Id1 promotes clonal hematopoiesis in mice with Tet2 loss of function

Hematopoietic malignancies emerge through the acquisition of genetic mutations within hematopoietic stem and progenitor cells (HSPCs). Some mutations impart a selective growth advantage to HSPCs, which expand and contribute to mature blood cells. This expansion is termed clonal hematopoiesis (CH). Inhibitor of DNA binding 1 (ID1) protein is a transcriptional regulator of proliferation/differentiation of hematopoietic cells.
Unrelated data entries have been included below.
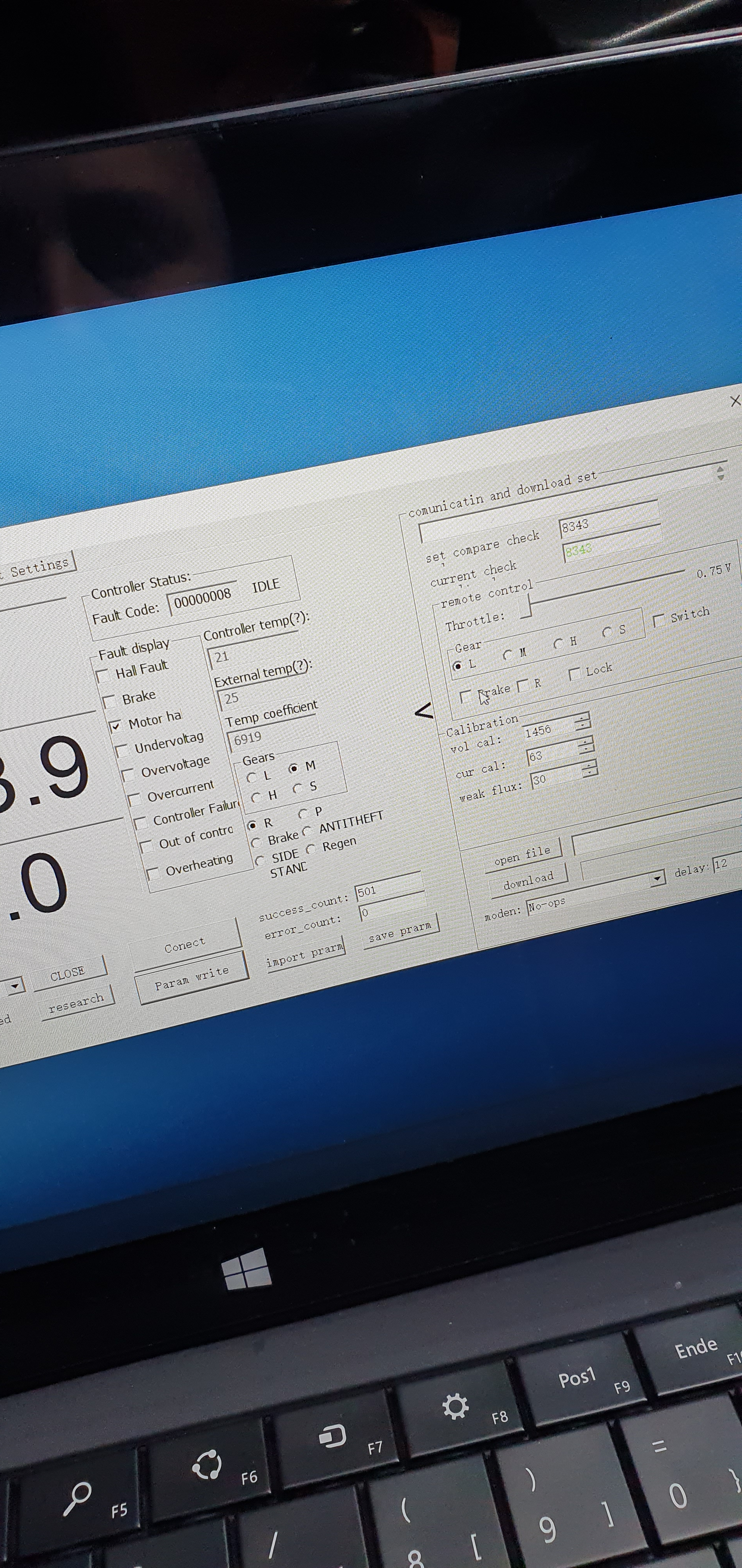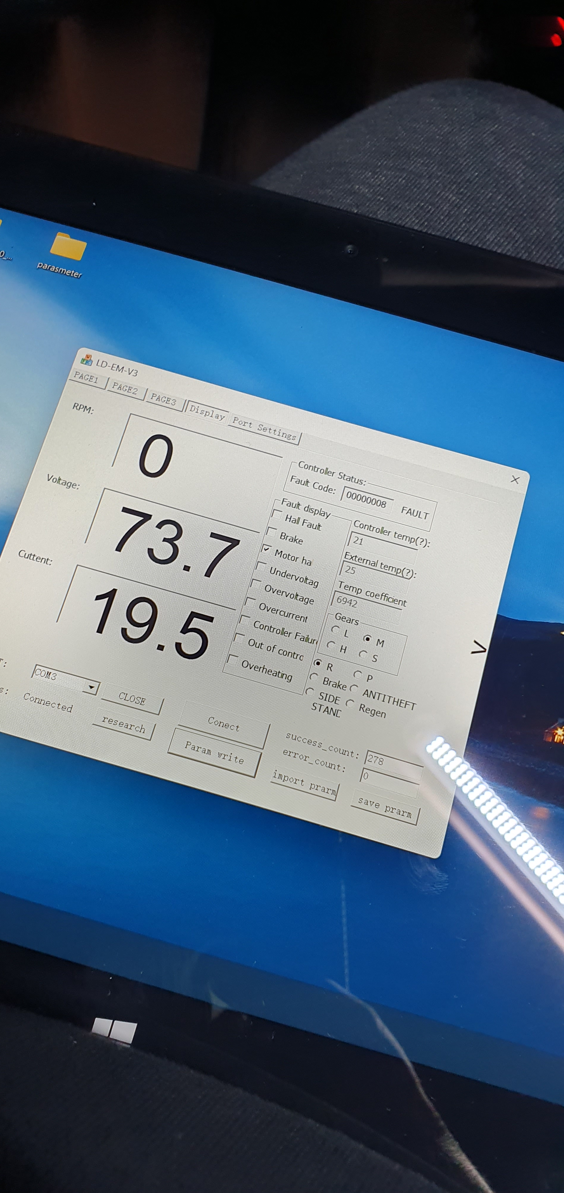 Hey Leute, ich habe ja mein kabinenroller umgebaut mit dem votol em100. Es es lief auch alles ganz gut die letzten 3-4 Monate. Heute bin ich den nennlängeres Stück gefahren, als ich ein leichtes Gefälle runter bin mit Vollgas, hat der Controller abgeschaltet. Bis ich zum stillstand gekommen bin daraufhin konte ich wieder gas geben aber nur 1-2meter den ging er wieder in den fehler Modus. Also habe ich ihn erstmal eine halbe stunde abkühlen lassen ( dachte das würde was bringen ) aber nein genau so wie vorher. Den habe ich mal ganz vorsichtig ( bis virtelgas ) gedreht und es ging. Also bin ich so die 20 km wieder zurück nachhause gefahren ( mit max virtelgas ) das ging auch aber sobald ich etwas mehr gas gebe geht er wieder in den Fehler Modus. Zuhause habe ich mal den Laptop an den Controller angeschlossen um den Fehler auszulesen ( steht im bild ) was kann das sein und was kann ich dagegen machen ? LG Maurice
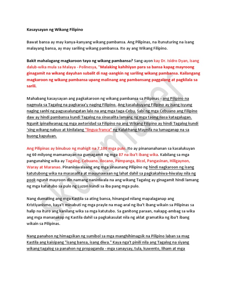 Wikang Filipino Ugat Ng Pagka Pilipino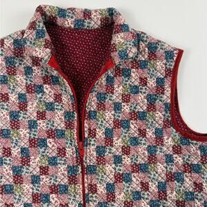 Vintage Handmade Quilted Cottage Grandma Red Quilt Vest W/ Pockets Size Small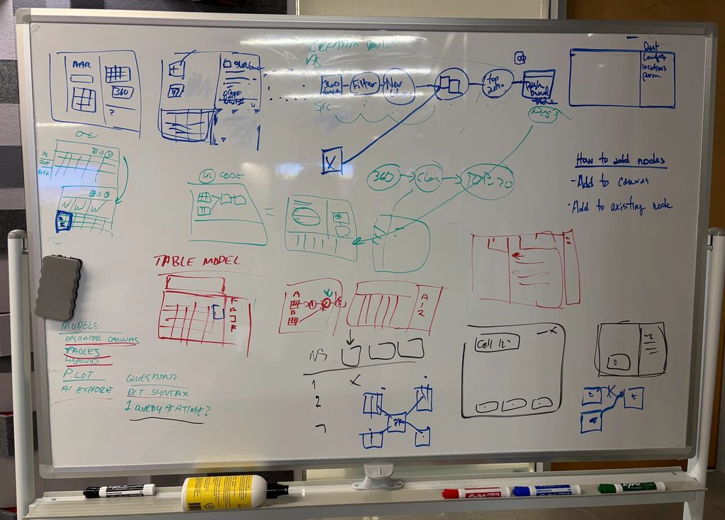 I see myself as a facilitator of idea generation, bringing in diverse perspectives. For Lakeflow Designer, I led brainstorming sessions with devs, PMs, and designers—like this whiteboarding session mapping when users explore data vs. apply transformations.

HSPCs express low levels of Id1 that is induced by growth factors and other mediators of inflammatory during stress to promote HSPC expansion. Since chronic inflammation is associated with the progression of hematopoietic malignancies, reducing Id1 expression may reduce CH. Genetic ablation of Id1 in Tet2−/− HSPCs reduces HSPC expansion/CH, extramedullary hematopoiesis, myeloid skewing, and genetic instability and delays the onset of disease. Mechanistically, p16 expression, senescence, and apoptosis were increased, and proliferation decreased in Tet2−/−;Id1−/− HSPCs. Thus, ID1 may represent a therapeutic target to reduce CH and delay the onset of disease.

• Publication year

  2025

• Venue

  Science Advances

• Publication date

  2025-08-29

• Fields of study

  Biology, Medicine

• Identifiers
  DOI 10.1126/sciadv.adr5867PMID 40880488PMCID 12396329
• External record

  Open on Semantic Scholar

• Source metadata

  Semantic Scholar, PubMed

• No claims are published for this paper.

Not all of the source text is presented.